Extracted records
◆ ◆ ◆ ◆
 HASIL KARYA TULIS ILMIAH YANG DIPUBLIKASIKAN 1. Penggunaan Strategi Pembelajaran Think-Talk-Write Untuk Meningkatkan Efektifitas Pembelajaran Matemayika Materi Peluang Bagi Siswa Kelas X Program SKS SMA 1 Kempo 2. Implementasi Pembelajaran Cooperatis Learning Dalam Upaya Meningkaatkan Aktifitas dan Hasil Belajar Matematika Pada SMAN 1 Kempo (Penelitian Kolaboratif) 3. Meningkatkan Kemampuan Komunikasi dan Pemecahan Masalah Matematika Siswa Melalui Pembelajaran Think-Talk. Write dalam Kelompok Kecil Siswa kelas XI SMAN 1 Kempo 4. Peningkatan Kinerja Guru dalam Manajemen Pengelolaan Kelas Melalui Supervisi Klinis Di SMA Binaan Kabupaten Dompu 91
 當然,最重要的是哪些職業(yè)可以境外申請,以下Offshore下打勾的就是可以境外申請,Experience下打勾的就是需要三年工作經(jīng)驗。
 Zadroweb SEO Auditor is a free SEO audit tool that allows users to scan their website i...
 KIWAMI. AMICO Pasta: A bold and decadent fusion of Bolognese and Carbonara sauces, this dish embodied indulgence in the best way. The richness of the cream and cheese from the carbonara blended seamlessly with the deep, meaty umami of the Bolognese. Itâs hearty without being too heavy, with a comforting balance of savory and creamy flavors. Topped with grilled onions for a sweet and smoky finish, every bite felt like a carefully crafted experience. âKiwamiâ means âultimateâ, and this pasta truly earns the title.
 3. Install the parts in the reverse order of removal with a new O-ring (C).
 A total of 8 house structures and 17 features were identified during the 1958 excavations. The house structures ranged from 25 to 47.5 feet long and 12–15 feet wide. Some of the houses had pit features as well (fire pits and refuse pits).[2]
◆ ◆ ◆ ◆
WHAT YOU HAVE TO DO: I need each line above reproduced exactly.

THE COMPLETED TASK:
 HASIL KARYA TULIS ILMIAH YANG DIPUBLIKASIKAN 1. Penggunaan Strategi Pembelajaran Think-Talk-Write Untuk Meningkatkan Efektifitas Pembelajaran Matemayika Materi Peluang Bagi Siswa Kelas X Program SKS SMA 1 Kempo 2. Implementasi Pembelajaran Cooperatis Learning Dalam Upaya Meningkaatkan Aktifitas dan Hasil Belajar Matematika Pada SMAN 1 Kempo (Penelitian Kolaboratif) 3. Meningkatkan Kemampuan Komunikasi dan Pemecahan Masalah Matematika Siswa Melalui Pembelajaran Think-Talk. Write dalam Kelompok Kecil Siswa kelas XI SMAN 1 Kempo 4. Peningkatan Kinerja Guru dalam Manajemen Pengelolaan Kelas Melalui Supervisi Klinis Di SMA Binaan Kabupaten Dompu 91
 當然,最重要的是哪些職業(yè)可以境外申請,以下Offshore下打勾的就是可以境外申請,Experience下打勾的就是需要三年工作經(jīng)驗。
 Zadroweb SEO Auditor is a free SEO audit tool that allows users to scan their website i...
 KIWAMI. AMICO Pasta: A bold and decadent fusion of Bolognese and Carbonara sauces, this dish embodied indulgence in the best way. The richness of the cream and cheese from the carbonara blended seamlessly with the deep, meaty umami of the Bolognese. Itâs hearty without being too heavy, with a comforting balance of savory and creamy flavors. Topped with grilled onions for a sweet and smoky finish, every bite felt like a carefully crafted experience. âKiwamiâ means âultimateâ, and this pasta truly earns the title.
 3. Install the parts in the reverse order of removal with a new O-ring (C).
 A total of 8 house structures and 17 features were identified during the 1958 excavations. The house structures ranged from 25 to 47.5 feet long and 12–15 feet wide. Some of the houses had pit features as well (fire pits and refuse pits).[2]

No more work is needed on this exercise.